◆ Problem details ◆
Where the material below has a line containing "Laguna de Llanganuco.", start repeating exactly, and keep going through the line containing "Destacados • Caral, patrimonio", with no other lines.
:: Records provided ::
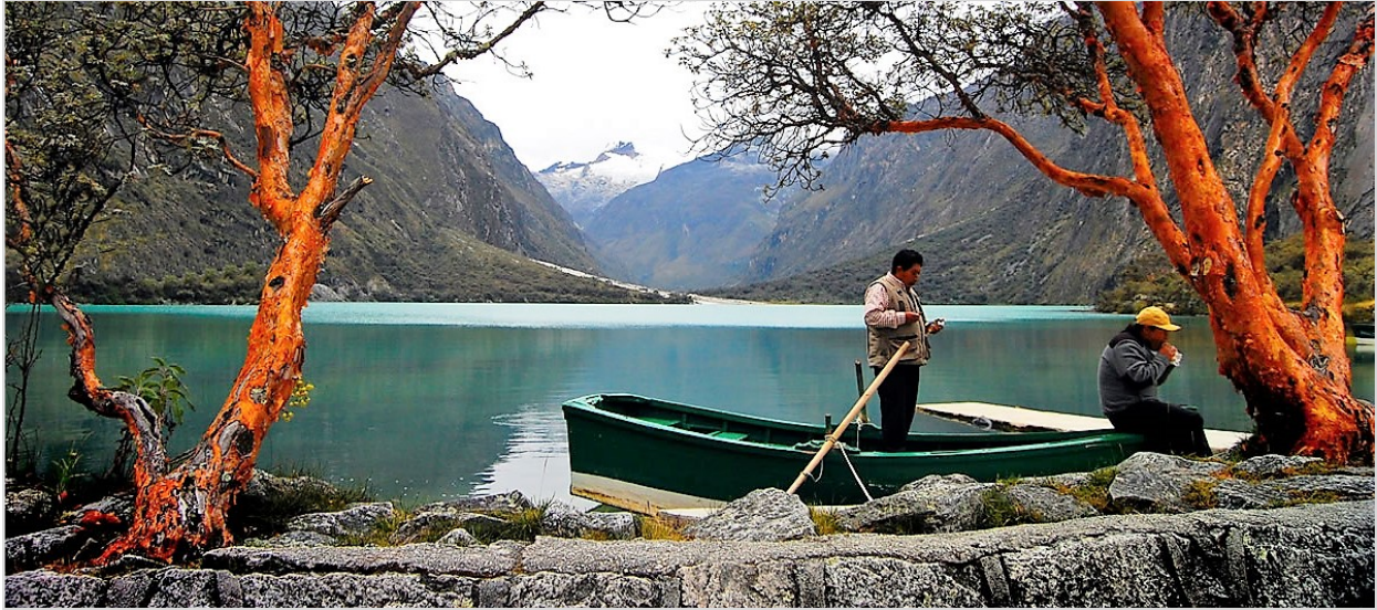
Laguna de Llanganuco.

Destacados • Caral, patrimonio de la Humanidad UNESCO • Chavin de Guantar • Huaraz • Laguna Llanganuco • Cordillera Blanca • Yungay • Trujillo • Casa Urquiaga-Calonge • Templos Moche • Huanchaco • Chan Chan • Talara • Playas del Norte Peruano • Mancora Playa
:::
:: Records provided ::
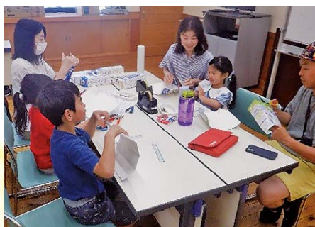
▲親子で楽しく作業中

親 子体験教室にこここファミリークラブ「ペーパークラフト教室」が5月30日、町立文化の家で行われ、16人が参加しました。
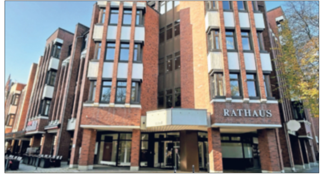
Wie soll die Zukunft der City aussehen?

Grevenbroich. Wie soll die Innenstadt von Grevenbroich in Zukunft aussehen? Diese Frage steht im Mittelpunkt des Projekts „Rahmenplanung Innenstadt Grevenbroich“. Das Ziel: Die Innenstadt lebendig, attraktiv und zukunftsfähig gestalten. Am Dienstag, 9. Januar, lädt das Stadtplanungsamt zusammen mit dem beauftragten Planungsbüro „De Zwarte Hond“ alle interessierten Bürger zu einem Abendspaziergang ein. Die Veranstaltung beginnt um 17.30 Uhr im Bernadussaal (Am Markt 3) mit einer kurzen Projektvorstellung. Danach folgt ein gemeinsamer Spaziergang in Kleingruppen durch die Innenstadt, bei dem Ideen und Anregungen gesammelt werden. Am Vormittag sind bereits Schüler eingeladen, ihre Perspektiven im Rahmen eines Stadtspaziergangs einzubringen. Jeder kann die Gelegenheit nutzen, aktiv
:::
:: Records provided ::
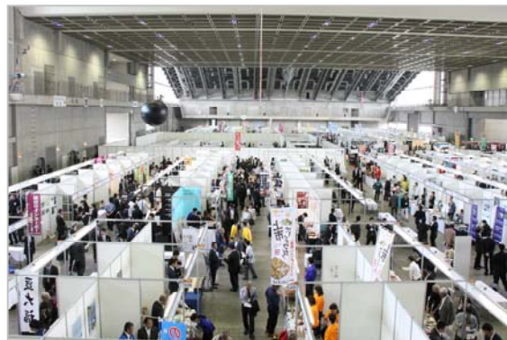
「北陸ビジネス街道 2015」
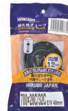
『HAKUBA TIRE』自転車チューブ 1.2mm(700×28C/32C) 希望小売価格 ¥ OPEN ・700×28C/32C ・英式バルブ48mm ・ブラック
:::
◆ Response to this task ◆
Laguna de Llanganuco.

Destacados • Caral, patrimonio de la Humanidad UNESCO • Chavin de Guantar • Huaraz • Laguna Llanganuco • Cordillera Blanca • Yungay • Trujillo • Casa Urquiaga-Calonge • Templos Moche • Huanchaco • Chan Chan • Talara • Playas del Norte Peruano • Mancora Playa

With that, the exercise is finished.